The receipt worth watching is not the 770 percent the Korea-listed stock has run over twelve months, a figure that outpaces even Micron's climb, and not the roughly 20 percent it has given back since June. [3] It is what the cash buys. SK Hynix supplies the majority of the world's high-bandwidth memory, the stacked DRAM that sits beside Nvidia's accelerators, and the proceeds are earmarked for Korean fab construction and ASML's extreme-ultraviolet scanners. [1] The paper reads the listing the way it reads the rest of the AI-capex build-out straining power grids: a supplier converting a memory backlog into physical plant. The tell is the equipment order and the fab plan, not the chart.
The structure of the sale reinforces that reading. This is a new-share issuance — 17.79 million shares created and sold, not existing insiders cashing out — which means the money flows into the company rather than to selling shareholders. [2] A primary raise on this scale is a capital-spending event dressed as a market debut: SK Hynix is not distributing a windfall, it is funding one. Ten receipts to a Korean share, priced near the $165 mark, is the mechanism; the destination is silicon. [1] For U.S. investors the listing also opens a cleaner door to the memory side of the AI trade, which until now they could reach mostly through the Korea exchange or through Micron, SK Hynix's smaller American rival. [3]
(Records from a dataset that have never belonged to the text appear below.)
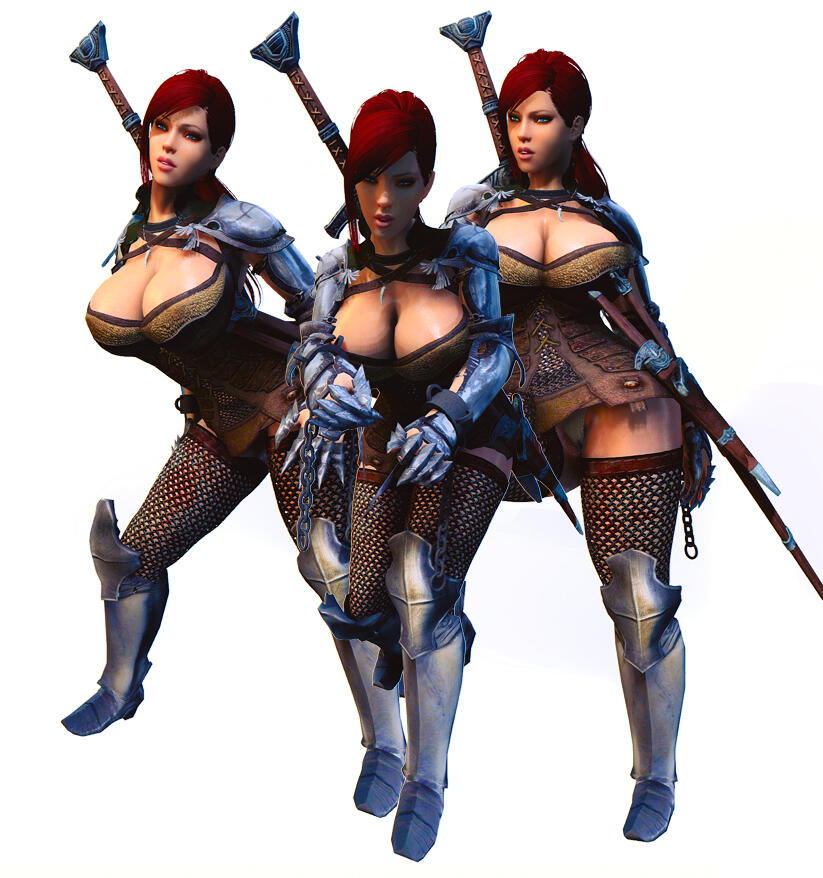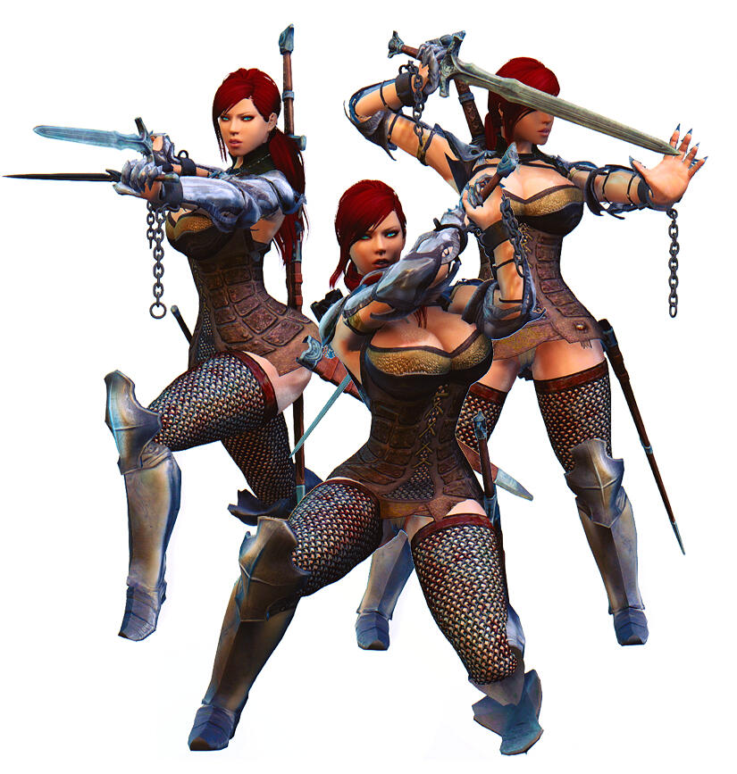 Primarily she relies on a greatsword for upfront confrotation, but often uses it for a quick dispatch, then relying on a standard broadsword and a variety of knives to eliminate her enemies.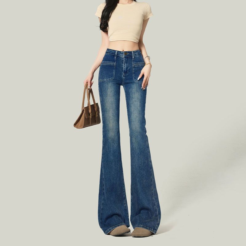 婦人服2025年レトロブルーラッパズボンが高くて背が高いです。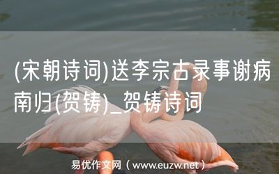 易優(yōu)作文網(wǎng)——(宋朝詩(shī)詞)送李宗古錄事謝病南歸(賀鑄)_賀鑄詩(shī)詞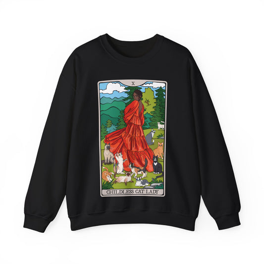 Childless Cat Lady Tarot Card Sweatshirt, Childless Woman Nature Crewneck Sweater, Witchy Apparel - POC Dark Skin Tone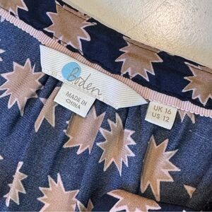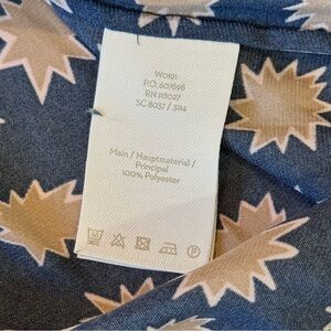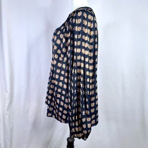 Boden silky blouse navy tan v-neck buttons balloon sleeves elastic cuff 12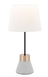 A modern mix of brass and cement make this the ideal lamp for any space. Fabric shade.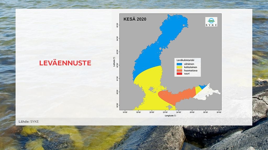 Tänä kesänä sinileväriski on Suomenlahdella itäosaa lukuunottamatta huomattava. Pääosassa Saaristomerta, Itämeren pääaltaan pohjoisosassa ja Selkämeren eteläosassa riski on kohtalainen. Näin ennakoi Suomen ympäristökeskus tänään julkistetussa leväennusteessaan.
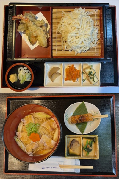 ▲上)「稲庭生うどん 天ぷら付き」 下)稲庭カレーうどん きりたんぽ付き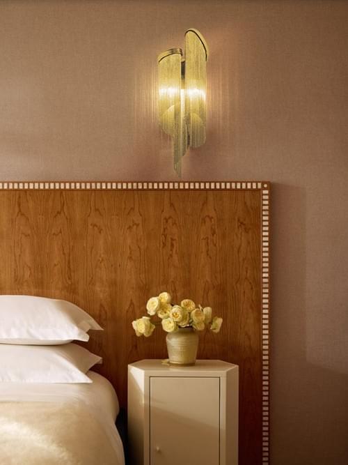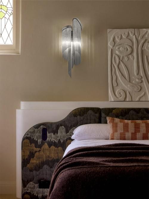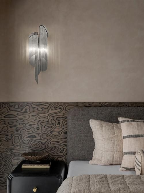 A striking waterfall of luminous chains casts ever-changing shadows across your walls.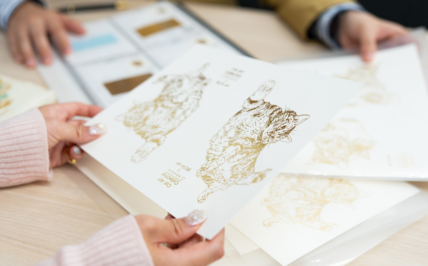 私が企画を担当した、猫ちゃんをモチーフとした箔押しステーショナリーシリーズ『Cat Art Collection (キャットアートコレクション)』も、まさにその一つ。展示会やSNSで作品をお見掛けして以来、ずっと気になっていた作家さんへ「弊社とコラボしていただけませんか?」とメッセージを送り、商品化に至っています。作家さんの作風や世界観と、猫という普遍的な魅力を持つアイコン、そして『ROKKAKU』の繊細な箔押し技術がぴったり合い、展示即売会では老若男女幅広いお客様にご購入いただけました。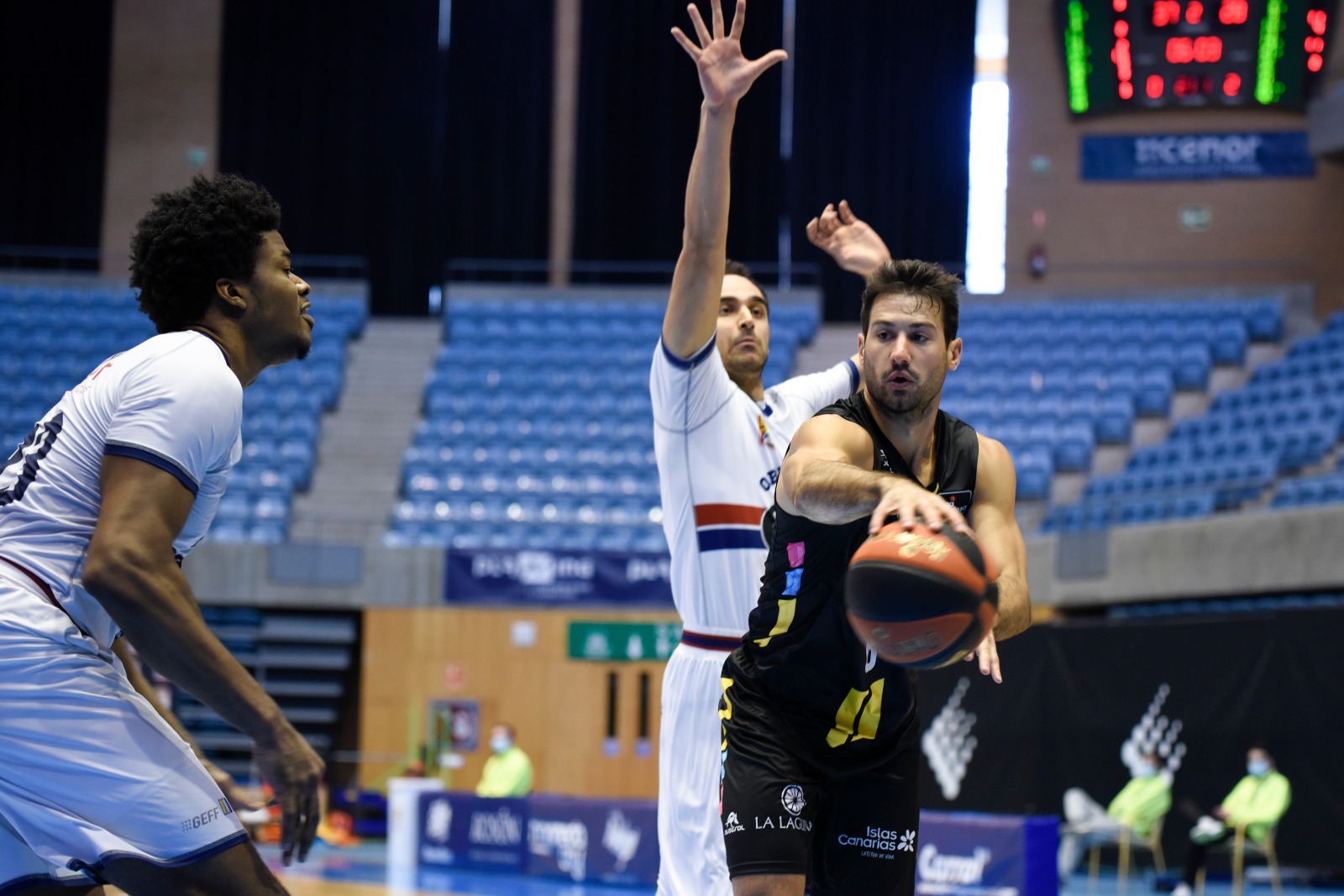 El cuadro aurinegro mantuvo el tipo con las segundas opciones (ocho rebotes ofensivos al descanso) y la aparición de Marcelinho Huertas, que tiró de galones para explotar las situaciones de pick and roll, bien buscando a Gio o anotando directamente. Sin embargo, los laguneros no estaban del todo cómodos, porque sus discretos porcentajes lastraban su ritmo. Espesura que aprovechó el Monbus para estirar su renta hasta los nueve puntos (37-28).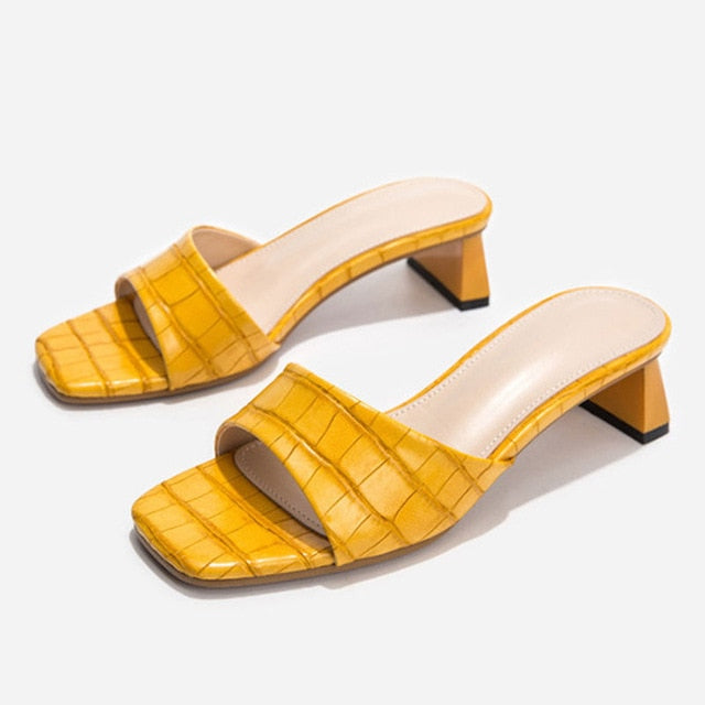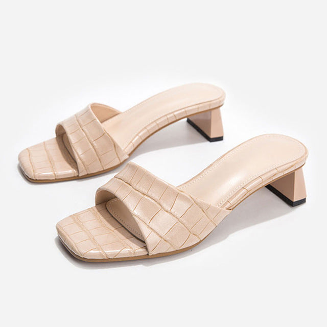 Sandalia con estampado animal de tacones cuadrados de cuero PU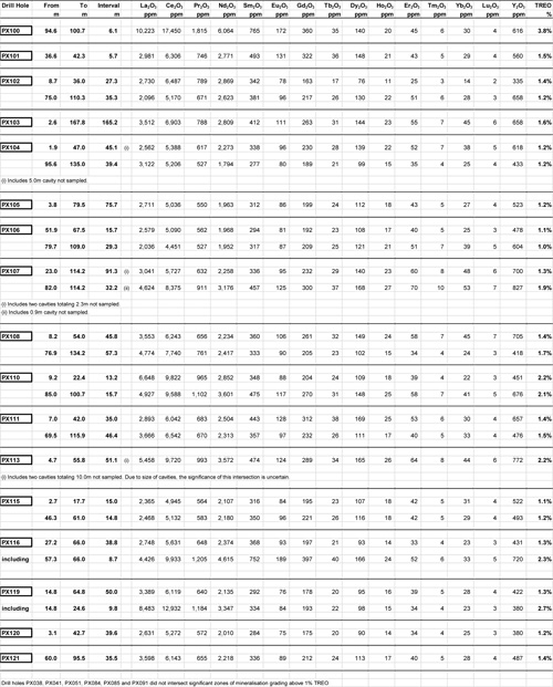 | PX107 | 91.3 m6 grading 1.3% TREO (23.0 - 114.2 m) including 32.2 m7 grading 1.9% TREO (82.0 - 114.2 m). Inclined hole (60 degrees east). |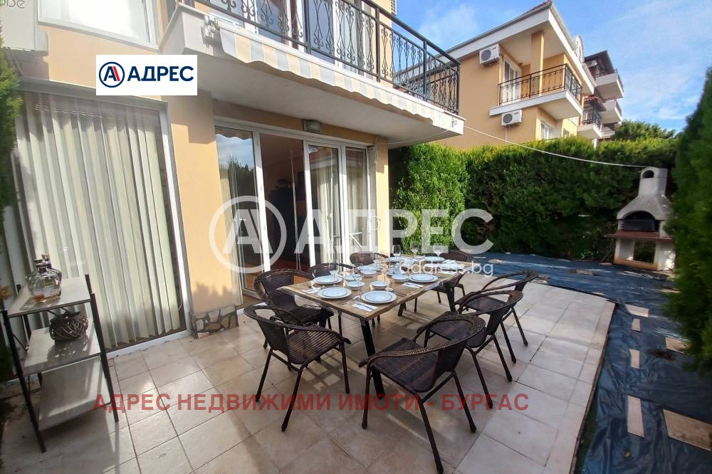Площ на имота 135,37 кв. м. Първи етаж: просторна всекидневна с кухненски бокс и трапезария, от която се излиза в малък двор с веранда, баня и тоалетна, вътрешно стълбище, което води до втори и трети етаж. Втори етаж: две спални с обща тераса и частична гледка море, санитарен възел. Трети етаж: родителска спалня със санитарен възел, тераса с гледка море. Къщата е напълно обзаведена и оборудвана.
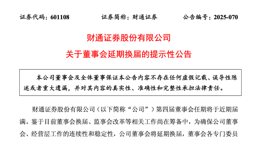 日前,财通证券股份有限公司发布关于董事会延期换届的提示性公告。公告显示,财通证券第四届董事会任期即将届满。然而,由于当前董事会、监事会改革等相关工作仍处于筹备阶段,为切实保障公司董事会、经营层工作的连续性与稳定性,公司决定将董事会延期换届,与此同时,董事会各专门委员会和高级管理人员的任期也相应顺延。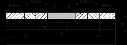(2–15 мкм), выращенный на высокоомной подложке 1. Омические катодные и анодные контакты расположены на расстоянии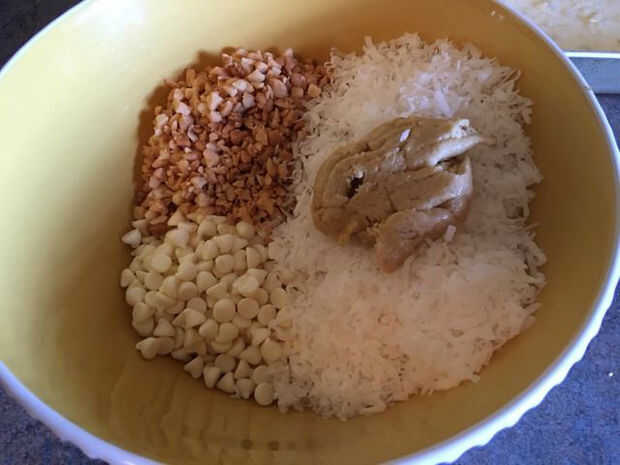 En un tazón grande combine los chips de chocolate blanco, coco, nueces de macadamia y 1/2 taza de la mezcla de la corteza.

Two questions decide the story after the bell. Whether the receipt prices at or above the roughly $165 midpoint and holds on day one is the cleanest read on AI appetite the market will get this month. And how much of the $29 billion goes to ASML scanners versus poured concrete will show whether SK Hynix is buying capacity or catching up. Until then, the number is a promise. The fab is the proof.